I love stories. I can spend hours reading blurbs on the back of books or watching movie trailers because I love the feeling of something capturing and enticing me. Telling history is, in essence, storytelling. There is a plot, there are characters, and there is a resolution (sometimes).

My interest in history developed after I received my bachelor’s degree in creative writing, but I had always been fascinated by community engagement, education, and public parks. After a road trip from Atlanta to Washington in 2018, I collected many brochures from parks, read hundreds of museum panels, and researched the history of each public site I visited. This trip spurred my decision to join the University of West Georgia’s Masters in Public History program to hopefully one day contribute to a public site or museum.  

After living near Oakland Cemetery for years, I wanted to know more about its role in Atlanta’s history. The cemetery is an Atlanta staple known for its service as Atlanta’s oldest public park, so it was an honor to have the opportunity to learn how to communicate with the public and to get people interested in Oakland’s stories. What better way than through social media and marketing?

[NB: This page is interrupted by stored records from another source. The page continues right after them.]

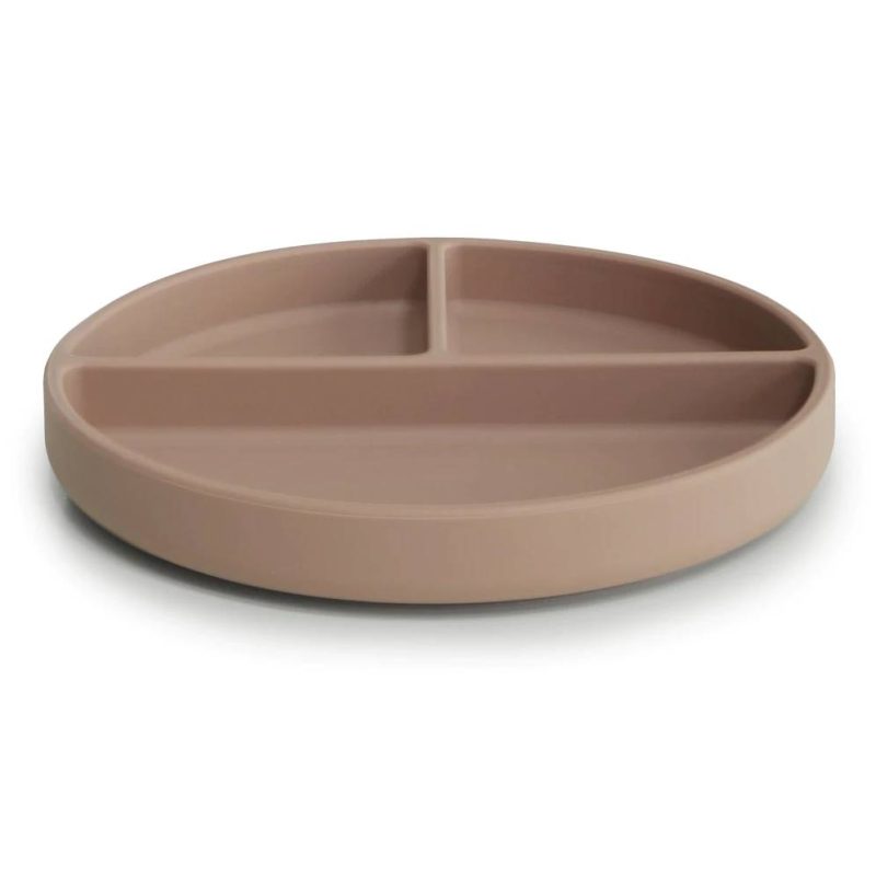 Silikona šķīvis ar nodalījumiem un piesūcekni.
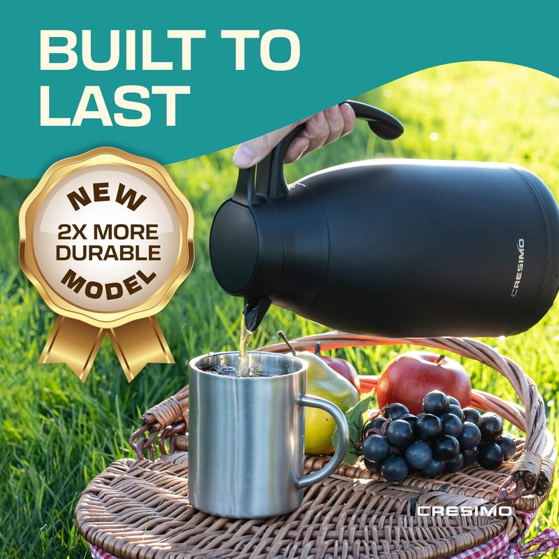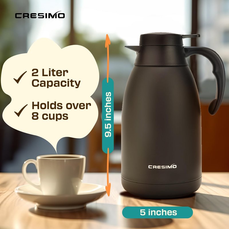 Enjoy Your Coffee the Way You Like It! Nothing makes it easier to wake up in those early mornings, than having fresh, aromatic, and piping hot coffee ready to drink! With our premium Cresimo Coffee Server and hot water urn, you can enjoy hot drinks anytime and anywhere. The vacuum insulation technology locks in the temperature and preserves the flavors you love and the freshness you need! The durable double-walled 18/8 stainless steel interior and exterior was crafted with style and functionality in mind - keeping your kitchen sleek and your beverages hot for 12 hours and cold for 24!! For best results, preheat your thermos for hot drinks by adding hot boiling water inside for 15 minutes and then dumping it out, before adding your hot beverage. Not only will this premium coffee thermos keep your beverages hot for 12 hours, but the outer body stays cool to the touch when filled with hot liquids! Plus, the exterior remains condensation-free when filling it with cold beverages. This large 68 ounce size holds up to 2 Liters of Coffee. Perfect for serving fresh, hot coffee throughout the day in your home, office, or on the go. This insulated carafe is also great for hosting events - weekend brunch, holiday parties with a hot chocolate station, book club get togethers, and so much more. This is a must have kitchen accessory for coffee lovers. Upgrade your coffee experience today with your very own Cresimo Coffee Carafe
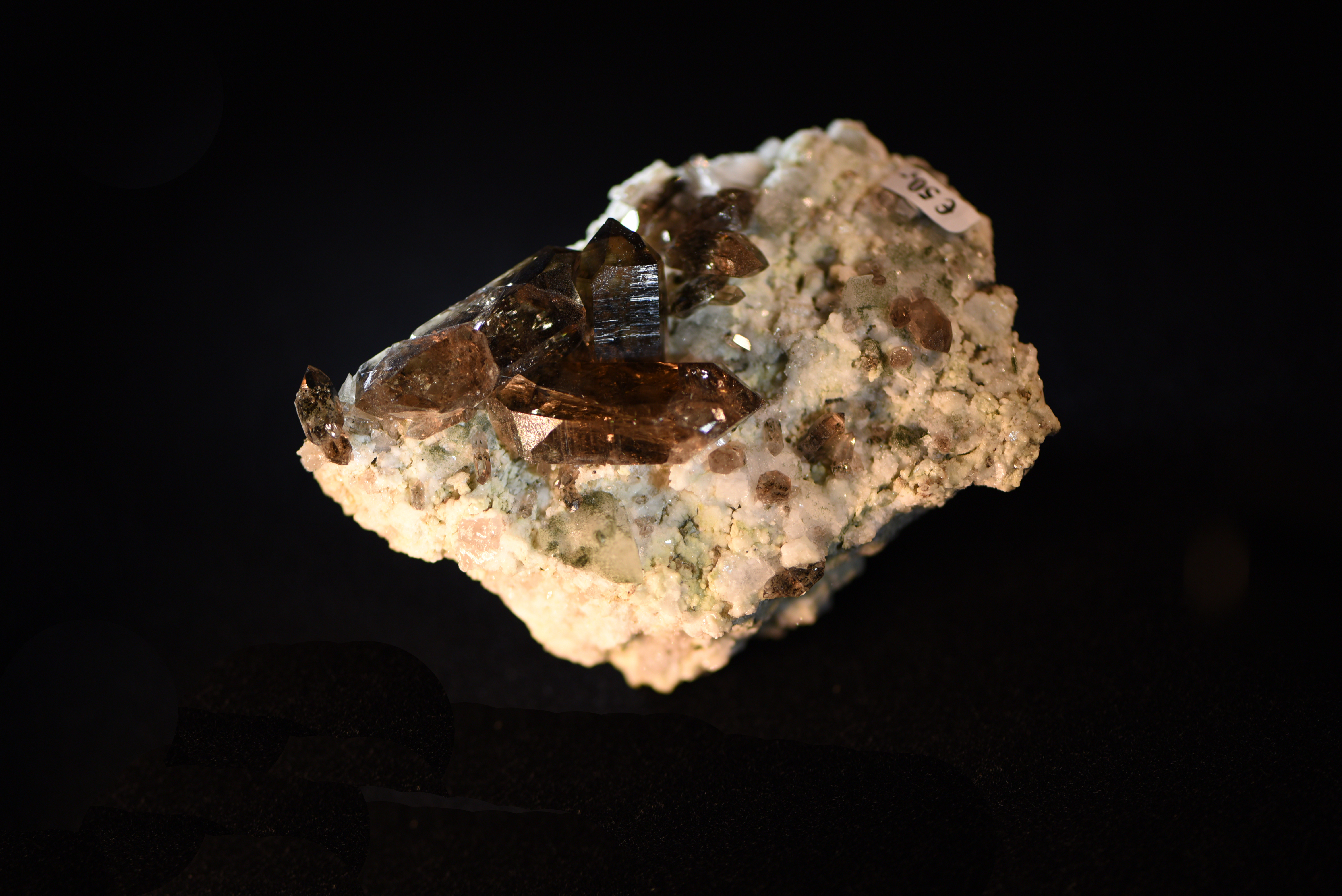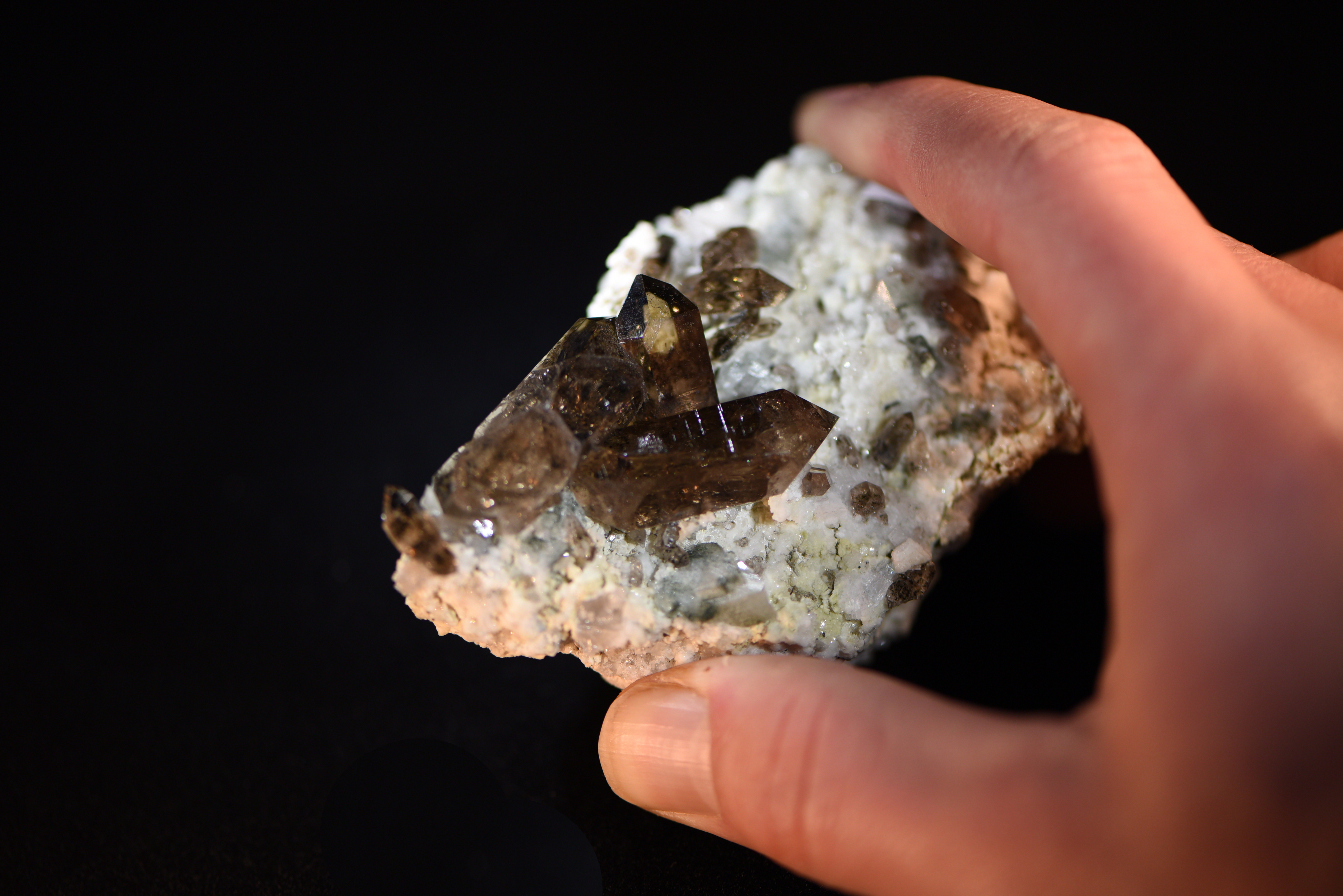 3 Doppelender und ein "normaler" Rauchquarz sitzen auf der hellen - mit Adular besetzten - Stufe. Dadurch entsteht ein toller Kontrast zwischen dem weißen Untergrund und den rauchigen Kristallen.
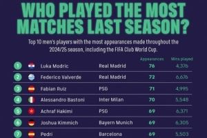 1、莫德里奇(皇马):76场,4376分钟
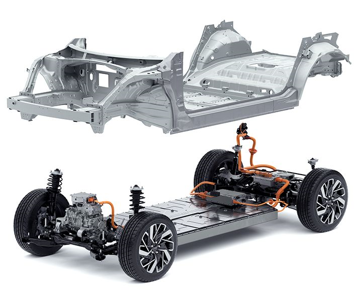 최근에는 전기차 프레임을 바디 온 프레임 방식으로 생산하고 있습니다. 아무래도 무거운 배터리 무게를 버티고 안전성을 확보하기 위해서는 바디 온 프레임이 더 적합했던 것으로 보입니다.
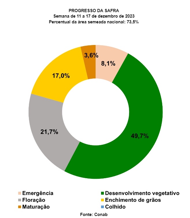 Ainda assim, o progresso geral passou de 65.9% para 73.5% nos estados analisados pela Conab. Comparando com 82.3% do período correspondente na safra anterior, a situação geral pode ser considerada como atrasada..
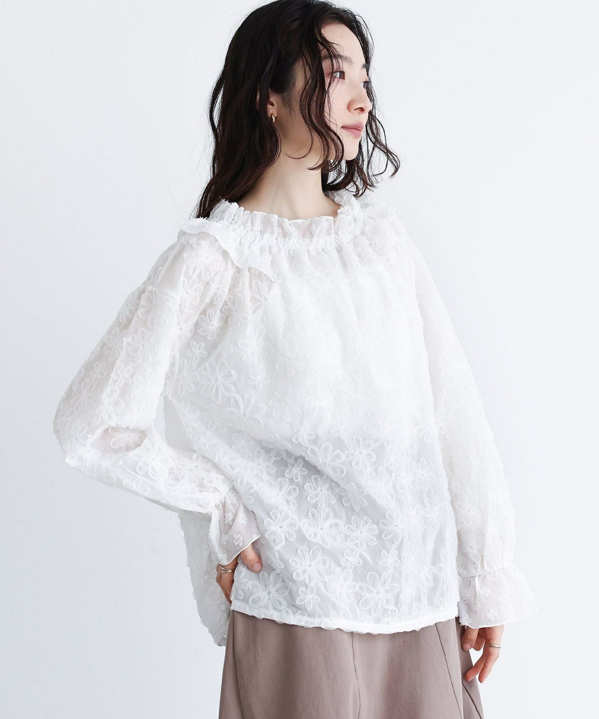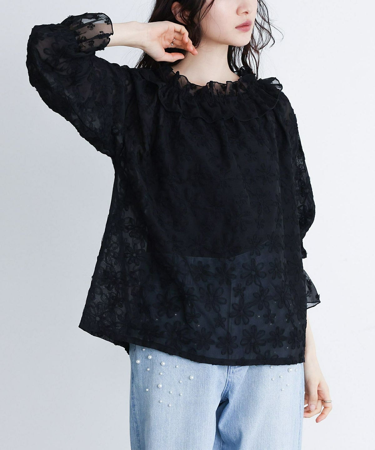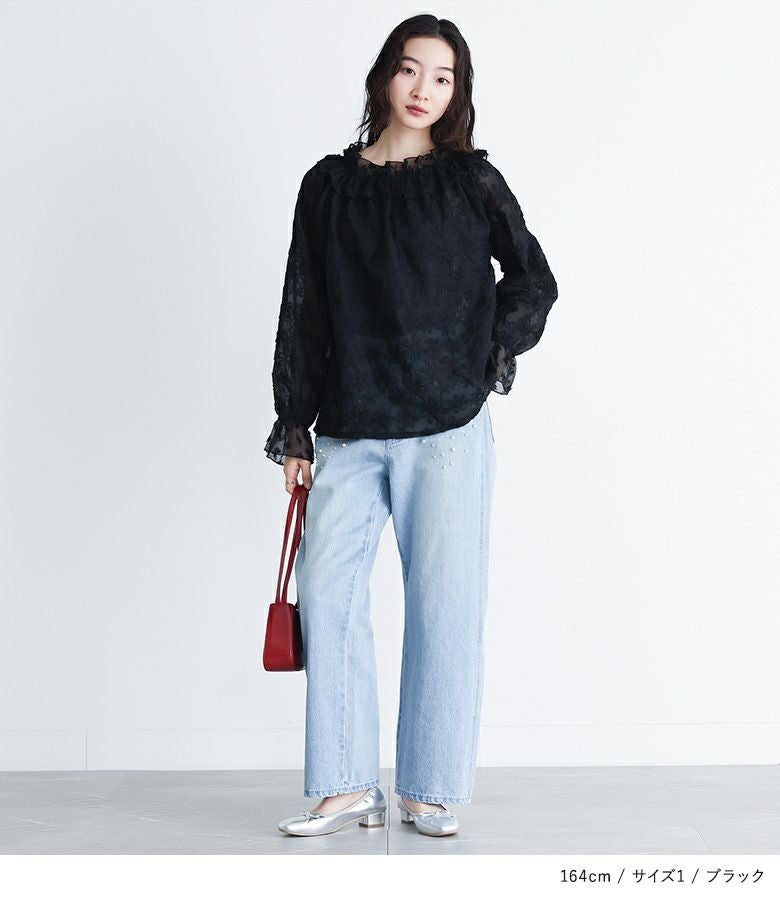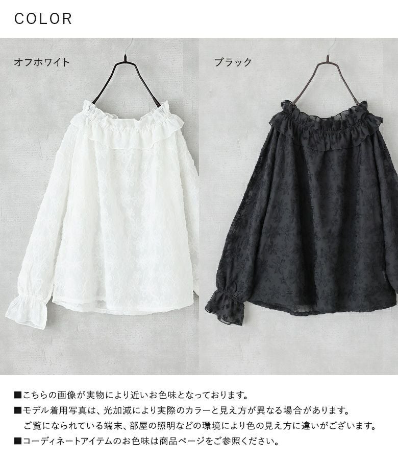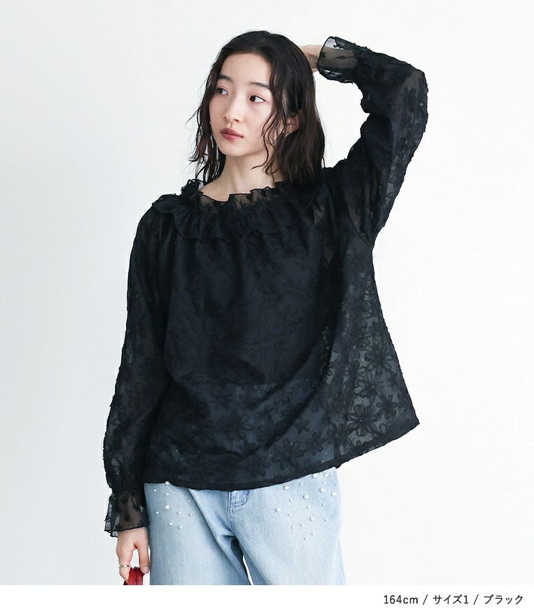 他の画像を見る 選べる2サイズ展開!フラワーモチーフのチュール刺繍がポイントのシアーブラウス。 『somari imaginationチュールテープフラワー刺繍シアーブラウス』※メール便可※【10】 ¥ 5,980 税込 (0)
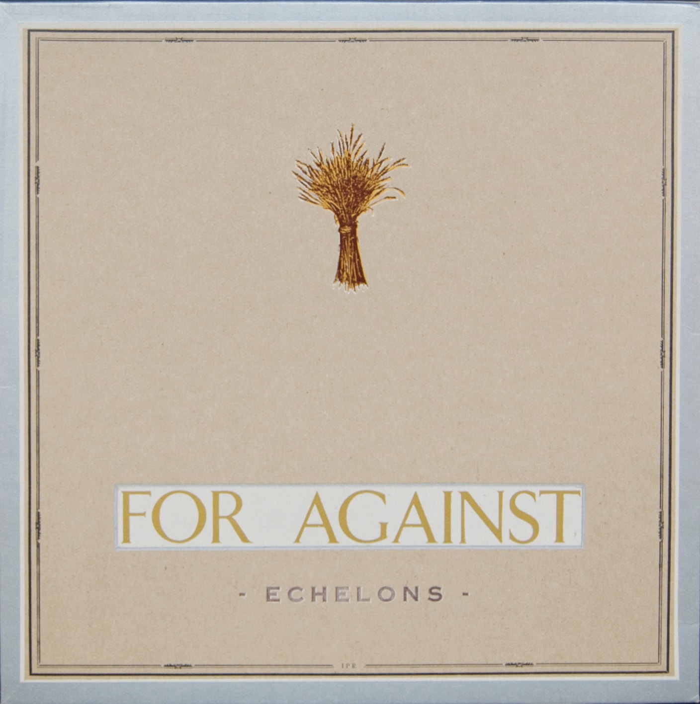 Paperboard record sleeve for the band, For Against's album, "Echelons". Recto: front cover: graphic rendition of a bouquet of wheat in golden rod and maroon. Below the graphic is the is a white rectangle outlined in metallic silver with the band's name is antique gold centered within it. Underneath that is the title of the album. A series of borders surround the composition: two black, followed by a white and finally by a thick metallic silver border. Verso: Top flap has multi colored border that follows along the top 3 sides of the flap, followed by an arroq and IPR's logo. The backcover has an antique gold banner on the bottom 3 sides w/ text and small decorative graphics. Center bottom is a yellow graphic that has info about IPP and the edition. Flap opens to a pocket where record is secured.

I worked with my supervisor, Marcy Breffle, to brainstorm ways to connect visitors with Oakland’s tours. Tours provide visitors with an in-depth, “up close and personal” experience to learn more about a site versus just taking a stroll. There are over 70,000 individuals residing in Oakland Cemetery, which means there are over 70,000 stories to tell. Throughout the last few months, I created a marketing plan for each tour and spent time researching Oakland’s history, photographing the site, designing content, and writing copy for social media. Social media has been an excellent tool to reach an audience, but it also serves as an outlet to share the work at Oakland with the world. 

My time at Oakland Cemetery has been an incredible experience. I have developed new skills in design, but ultimately learned new ways to market historic sites to a public audience. The classroom is great, but working with an organization with an excellent mission and vision (and beautiful grounds with many stories) has allowed me to gain insight into my chosen field. The Oakland staff have been kind and supportive, and for that, I’m thankful for such an enriching summer.

Jen Glaze is a graduate student in Public History at the University of West Georgia. She is interested in Victorian and leisure history, visiting historic sites, and being outside.